ACAV100M: Automatic Curation of Large-Scale Datasets for Audio-Visual Video Representation Learning. In ICCV, 2021.

Overview

ACAV100M: Automatic Curation of Large-Scale Datasets for Audio-Visual Video Representation Learning

This repository contains the code for our ICCV 2021 paper:

ACAV100M: Automatic Curation of Large-Scale Datasets for Audio-Visual Video Representation Learning
Sangho Lee*, Jiwan Chung*, Youngjae Yu, Gunhee Kim, Thomas Breuel, Gal Chechik, Yale Song (*: equal contribution)
[paper]

@inproceedings{lee2021acav100m,
    title="{ACAV100M: Automatic Curation of Large-Scale Datasets for Audio-Visual Video Representation Learning}",
    author={Sangho Lee and Jiwan Chung and Youngjae Yu and Gunhee Kim and Thomas Breuel and Gal Chechik and Yale Song},
    booktitle={ICCV},
    year=2021
}

System Requirements

  • Python >= 3.8.5
  • FFMpeg 4.3.1

Installation

  1. Install PyTorch 1.6.0, torchvision 0.7.0 and torchaudio 0.6.0 for your environment. Follow the instructions in HERE.

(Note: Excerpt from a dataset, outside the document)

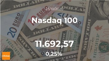 Sesión sin grandes cambios para el Nasdaq 100, que acabó el día del viernes 23 de octubre con una leve subida del 0,25%, hasta los 11.692,57 puntos. El Nasdaq 100 anotó un volumen máximo de 11.693,01 puntos y la cifra mínima de 11.569,09 puntos. El rango de cotización para el Nasdaq 100 entre su punto más alto y el más bajo (máximo-mínimo) durante este día se situó en el 1,06%.
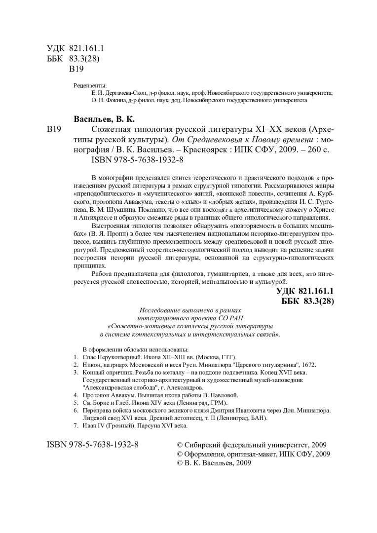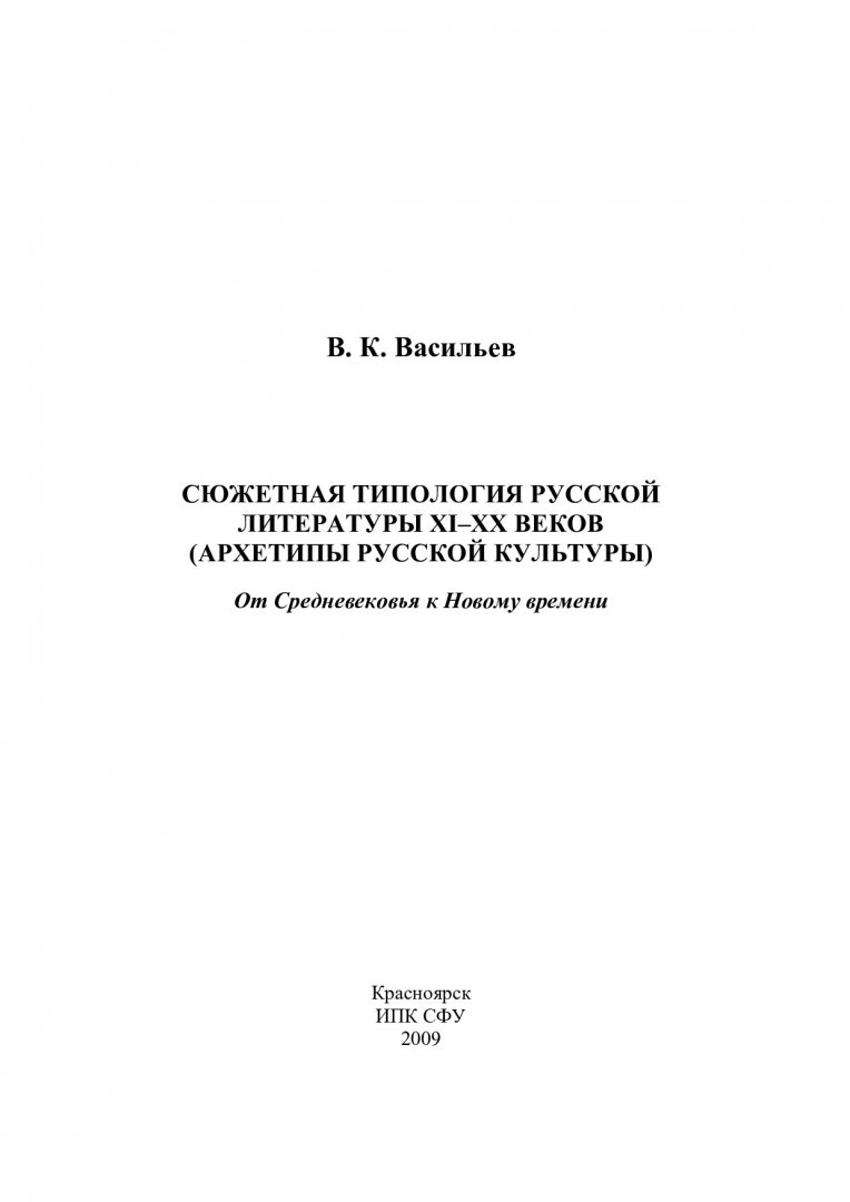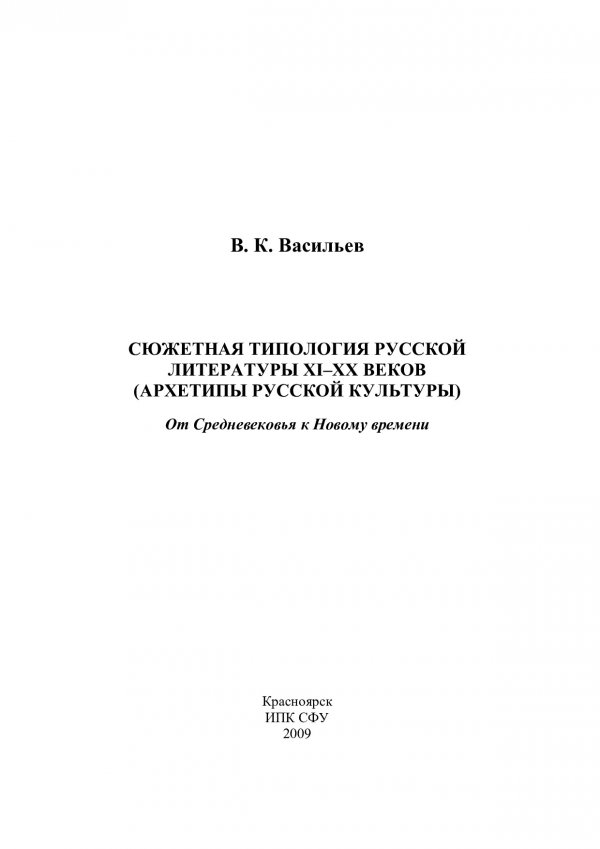 Библиографическое описание: Васильев, Владимир Кириллович. Сюжетная типология русской литературы XI-XX веков (Архетипы русской культуры). От Средневековья к Новому времени : монография / В. К. Васильев. - Красноярск : Информационно-полиграфический комплекс [ИПК] СФУ, 2009. - 258 с. - Указ. имён : с. 243-256. - ISBN 978-5-7638-1932-8 : 150.00 р. - Текст : непосредственный + Текст : электронный.

  2. Install the other required packages.

pip install -r requirements.txt
python -m nltk.downloader 'punkt'
pip install detectron2 -f https://dl.fbaipublicfiles.com/detectron2/wheels/<cuda version>/torch1.6/index.html
pip install git+https://github.com/jiwanchung/slowfast
pip install torch-scatter==2.0.5 -f https://pytorch-geometric.com/whl/torch-1.6.0+<cuda version>.html

e.g. Replace <cuda version> with cu102 for CUDA 10.2.

Input File Structure

  1. Create the data directory
mkdir data
  1. Prepare the input file.

data/metadata.tsv should be structured as follows. We provide an example input file in examples/metadata.tsv

YOUTUBE_ID\t{"LatestDAFeature": {"Title": TITLE, "Description": DESCRIPTION, "YouTubeCategory": YOUTUBE_CATEGORY, "VideoLength": VIDEO_LENGTH}, "MediaVersionList": [{"Duration": DURATION}]}

Data Curation Pipeline

One-Liner

bash ./run.sh

To enable GPU computation, modify the CUDA_VISIBLE_DEVICES environment variable accordingly. For example, run the above command as export CUDA_VISIBLE_DEVICES=2,3; bash ./run.sh.

Step-by-Step

  1. Filter the videos with metadata.
bash ./metadata_filtering/code/run.sh

The above command will build the data/filtered.tsv file.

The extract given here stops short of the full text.